As the contract provides that it was not to be binding until executed and delivered but does not specify the form of delivery, and as plaintiff does not argue that delivery means receipt, the IAS court correctly held that defendant accepted plaintiff's offer to purchase when it mailed a fully executed copy of the contract to plaintiff (see Buchbinder Tunick & Co. v Manhattan Natl. Life Ins. Co., 219 AD2d 463, 466 [1995]) on September 10, 2001, three days before plaintiff purported to revoke his offer. Defendant's officer's sworn statement attesting to such mailing is competent evidence thereof (see Tungsupong v Bronx-Lebanon Hosp. Ctr., 213 AD2d 236, 237 [1995]). Nor is an issue of fact as to whether there was a mailing raised by plaintiff's bare denial of receipt (see Nassau Ins.
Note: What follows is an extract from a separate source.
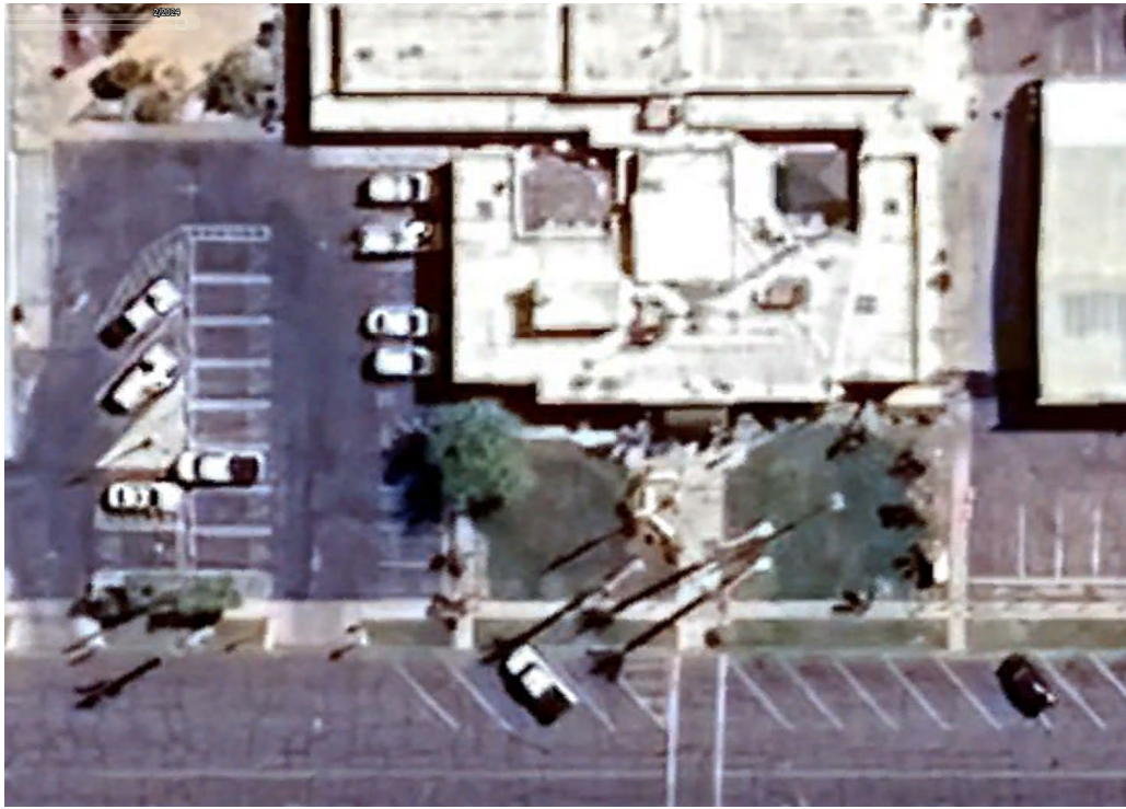
Existing Parking on S. Imperial Avenue Between 4 th and 5 th Streets

Co. v Murray, 46 NY2d 828 [1978]).
However, the IAS court erred in holding that no issues of fact exist as to whether the subject unit sustained "loss or damage" prior to closing as would entitle plaintiff to cancel the contract under the risk of loss provision. In this regard, defendant failed to make a prima facie showing that the unit, which was located two blocks south of the World Trade Center in Battery Park City, was not damaged on September 11, 2001 (see Winegrad v New York Univ. Med. Ctr., 64 NY2d 851, 853 [1985]). The real estate broker's affidavit on which defendant relies does not say when she inspected the unit, does not explain how she determined that the unit was not damaged and whether she retained any experts for that purpose, and does not plainly state that the unit was accessible or even habitable between September 11 and the September 30, 2001 closing date.
We have considered plaintiff's other arguments and find them unavailing. Concur—Buckley, P.J., Andrias, Saxe, Williams and Gonzalez, JJ.